Data to use:
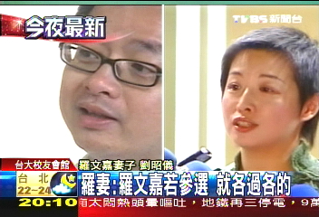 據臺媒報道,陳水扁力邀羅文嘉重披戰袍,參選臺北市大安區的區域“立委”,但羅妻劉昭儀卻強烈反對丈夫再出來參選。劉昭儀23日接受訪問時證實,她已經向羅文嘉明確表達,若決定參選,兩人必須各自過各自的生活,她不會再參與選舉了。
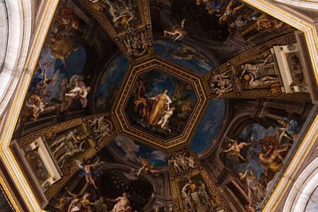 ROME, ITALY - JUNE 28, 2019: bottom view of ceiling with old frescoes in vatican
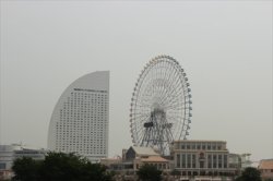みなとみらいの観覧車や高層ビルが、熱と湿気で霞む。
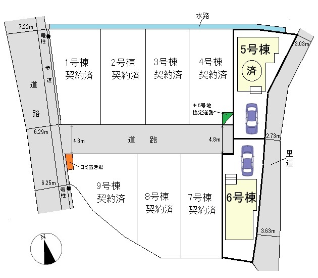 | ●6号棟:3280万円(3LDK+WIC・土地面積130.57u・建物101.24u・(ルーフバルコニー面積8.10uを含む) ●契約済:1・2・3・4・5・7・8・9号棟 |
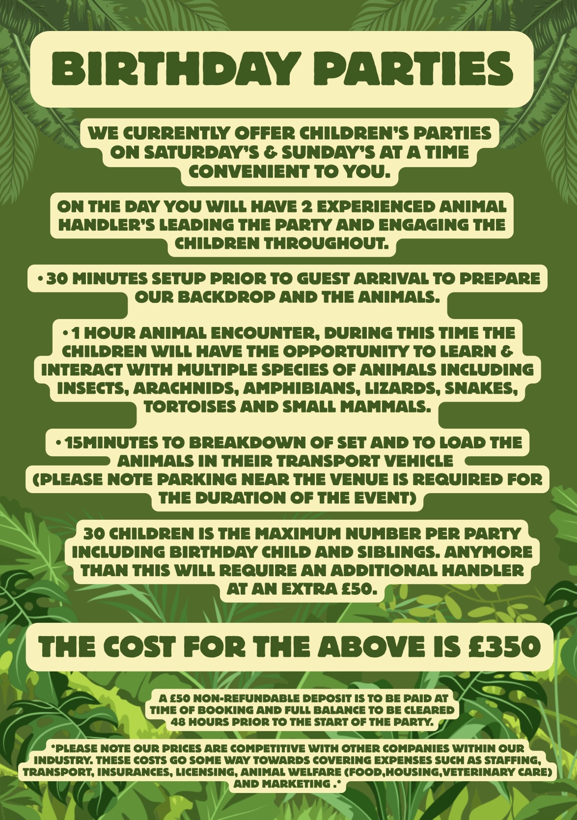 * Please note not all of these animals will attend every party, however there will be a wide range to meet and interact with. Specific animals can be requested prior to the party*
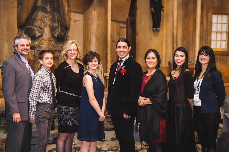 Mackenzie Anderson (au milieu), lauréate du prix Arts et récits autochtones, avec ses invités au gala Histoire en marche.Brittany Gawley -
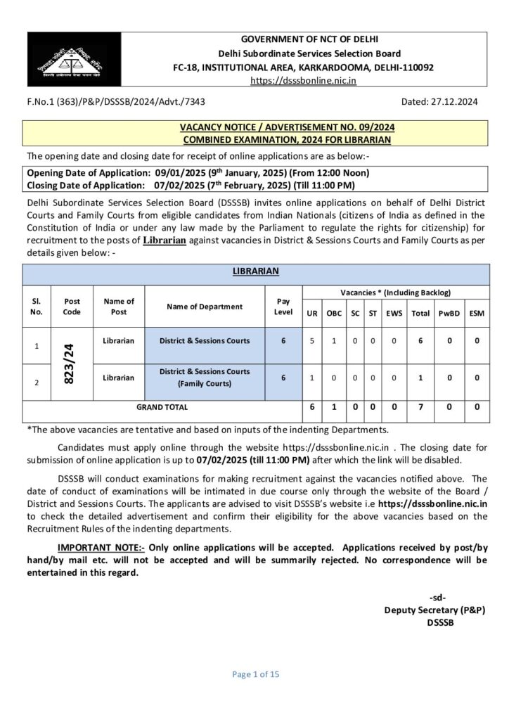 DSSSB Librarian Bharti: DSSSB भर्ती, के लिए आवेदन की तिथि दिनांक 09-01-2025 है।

---

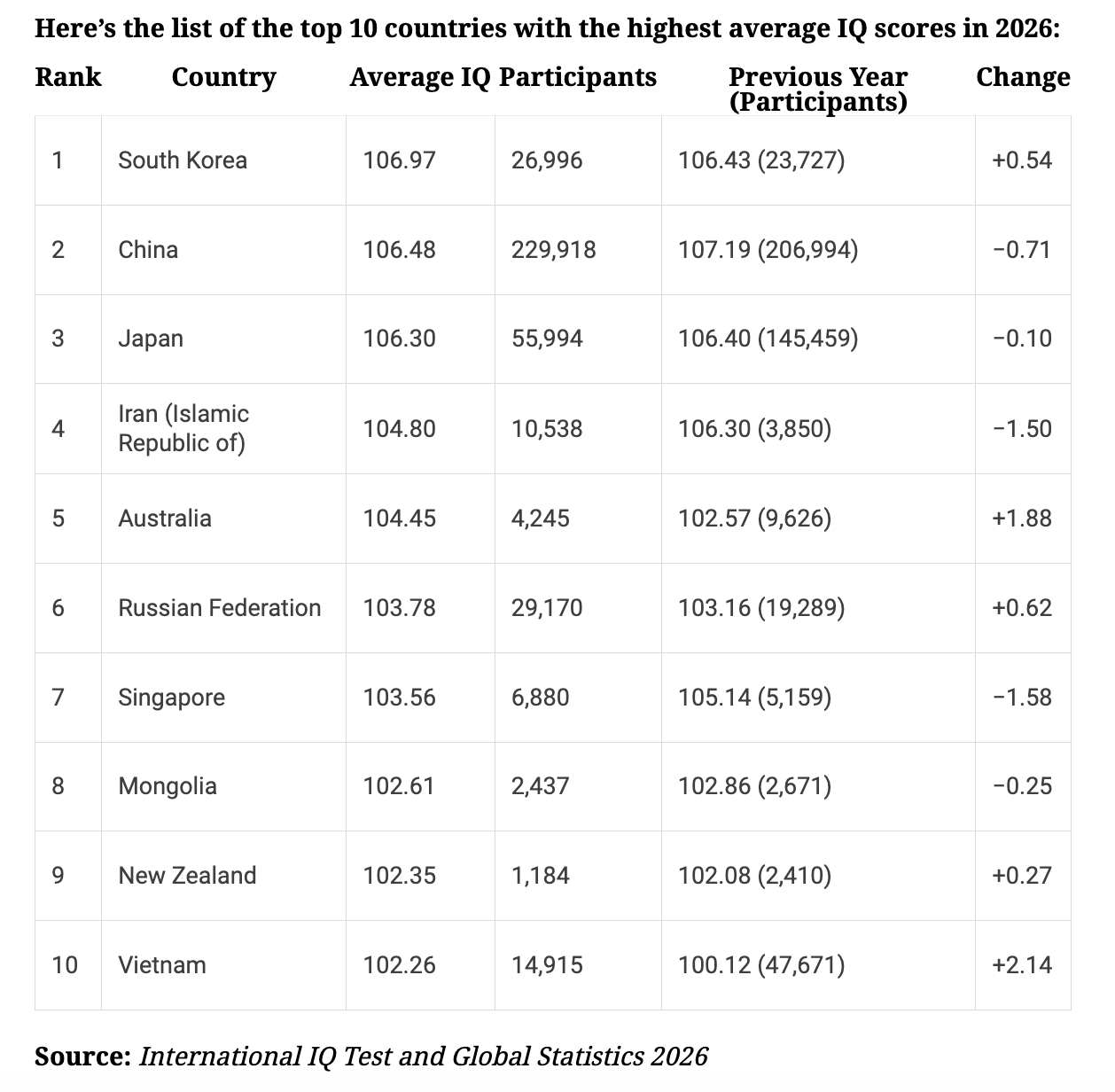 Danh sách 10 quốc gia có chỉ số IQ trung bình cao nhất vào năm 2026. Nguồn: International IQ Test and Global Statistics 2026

Assignment: In the data above, the stretch from the line with "據臺媒報道,陳水扁力邀羅文嘉" through the line with "to the party*" is to be returned exactly, minus any pictures.

Result of the exercise:
 據臺媒報道,陳水扁力邀羅文嘉重披戰袍,參選臺北市大安區的區域“立委”,但羅妻劉昭儀卻強烈反對丈夫再出來參選。劉昭儀23日接受訪問時證實,她已經向羅文嘉明確表達,若決定參選,兩人必須各自過各自的生活,她不會再參與選舉了。
 ROME, ITALY - JUNE 28, 2019: bottom view of ceiling with old frescoes in vatican
みなとみらいの観覧車や高層ビルが、熱と湿気で霞む。
 | ●6号棟:3280万円(3LDK+WIC・土地面積130.57u・建物101.24u・(ルーフバルコニー面積8.10uを含む) ●契約済:1・2・3・4・5・7・8・9号棟 |
 * Please note not all of these animals will attend every party, however there will be a wide range to meet and interact with. Specific animals can be requested prior to the party*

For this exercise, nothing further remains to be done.